Assignment = Could you copy exactly the lines below from the one with "In addition to" to the one with "Thirty years ago", inclusive, leaving out any pictures?

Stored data
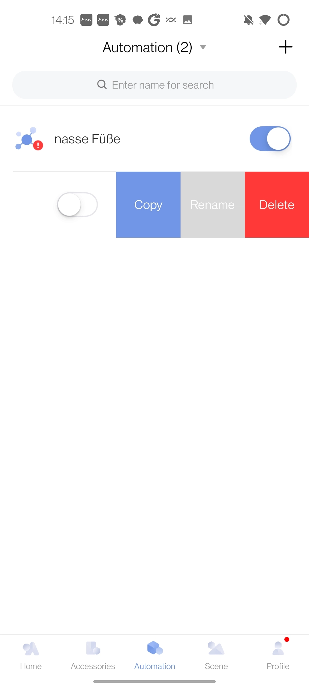 Bei Bedarf lassen sich auch weitere Automationen erstellen, die für andere Wassersensoren in seinen vier Wänden genutzt werden können. Falls man zu viele Automation erstellt hat, können sie in der Auswahl mit einem Swipe nach rechts entfernt werden. Dort lassen sie sich zusätzlich noch umbenennen oder kopieren, wodurch man etwas Zeit einspart.
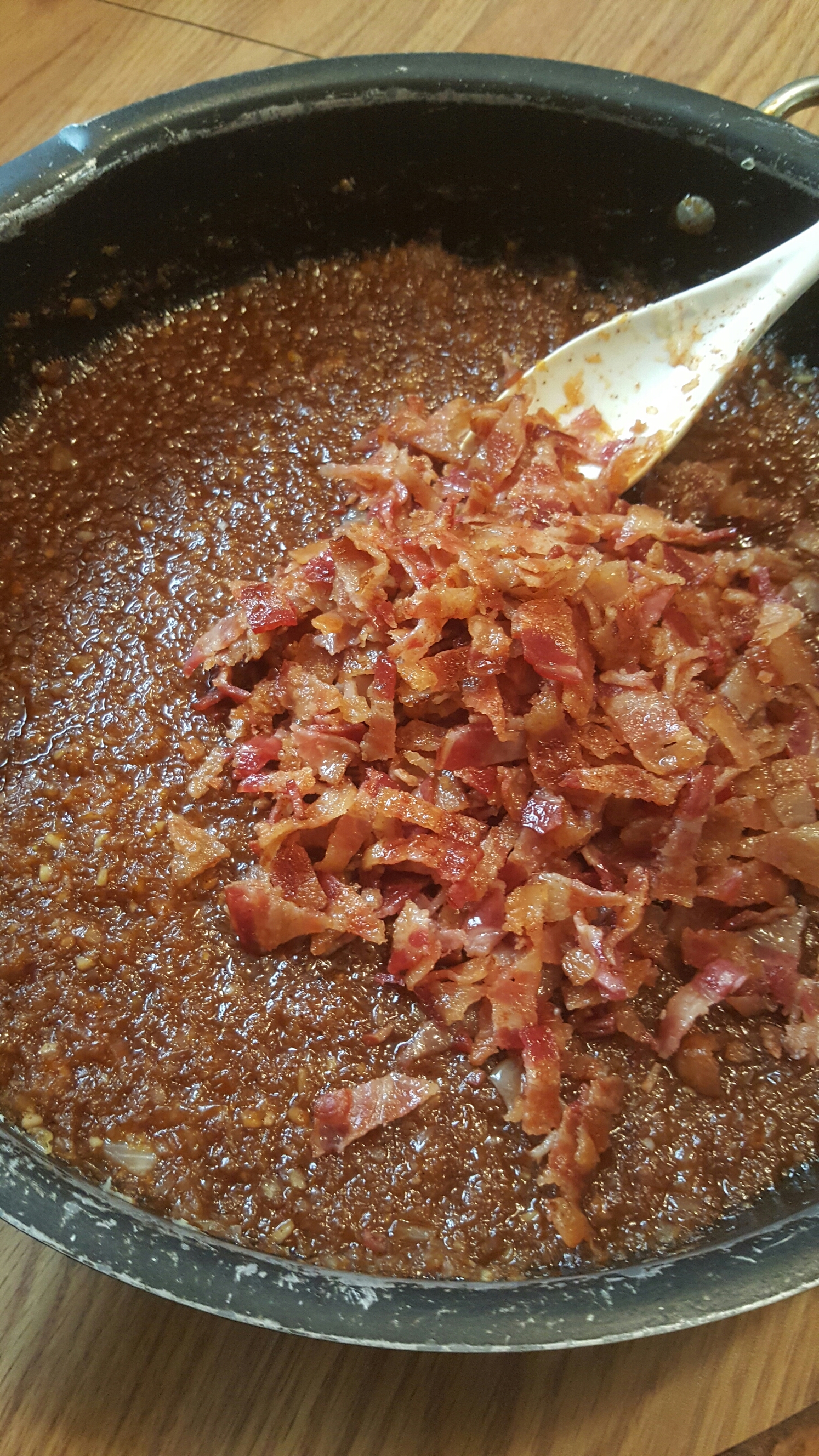 stir in da bacon real good and simmer on low for bout 20 min or til most liquid is gone and the mix is jam like
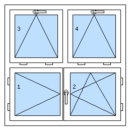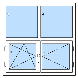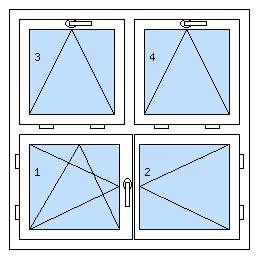 Čtyřkřídlé oknood 8 500 KčDole dvoukřídlé okno se štulpem (levé křídlo otvíravo-sklopné levé, pravé křídlo otvíravé), nahoře 2x pevný (fixní)
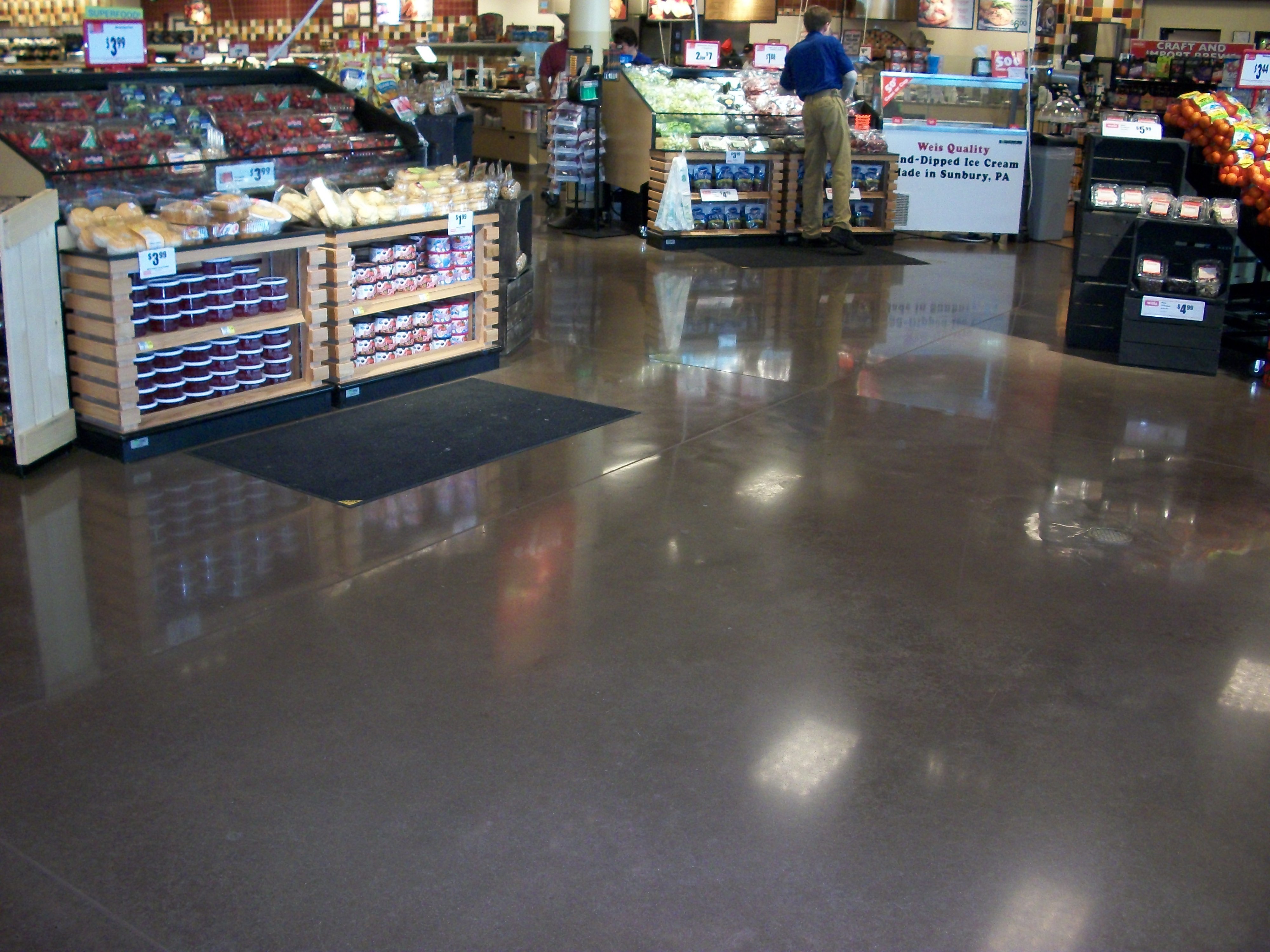 In addition to reducing the lighting costs for the store, the use of concrete floors greatly reduced the amount of maintenance necessary to keep the floor clean. The liability and risk exposure for customer slips and falls was also greatly reduced because concrete floors are considerably more skid-resistant than vinyl flooring.
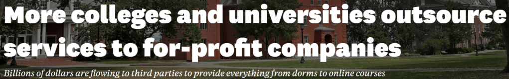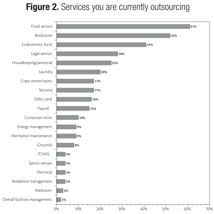 Thirty years ago in higher education, outsourcing was a curse word and only used at some universities in relation to food services and bookstores. Since that time, universities have realized that 1) they are not the experts in managing many of the services they provide on college campuses, 2) there are many companies that can manage non-core services more efficiently, and 3) there are substantial savings that can emerge by carefully creating contracts that expand outsourcing.
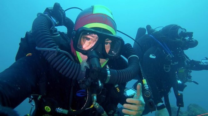 A cordilheira é extensa. Usamos três carretilhas soltando cerca de 500 metros de cabo e, mesmo assim, não percorremos toda a formação. Ficamos cerca de 3 horas submersos. A descompressão durou apenas 8 minutos, isto porque os rebreathers otimizam a mistura gasosa respirada reduzindo a necessidade de paradas descompressivas.

The answer =
 In addition to reducing the lighting costs for the store, the use of concrete floors greatly reduced the amount of maintenance necessary to keep the floor clean. The liability and risk exposure for customer slips and falls was also greatly reduced because concrete floors are considerably more skid-resistant than vinyl flooring.
 Thirty years ago in higher education, outsourcing was a curse word and only used at some universities in relation to food services and bookstores. Since that time, universities have realized that 1) they are not the experts in managing many of the services they provide on college campuses, 2) there are many companies that can manage non-core services more efficiently, and 3) there are substantial savings that can emerge by carefully creating contracts that expand outsourcing.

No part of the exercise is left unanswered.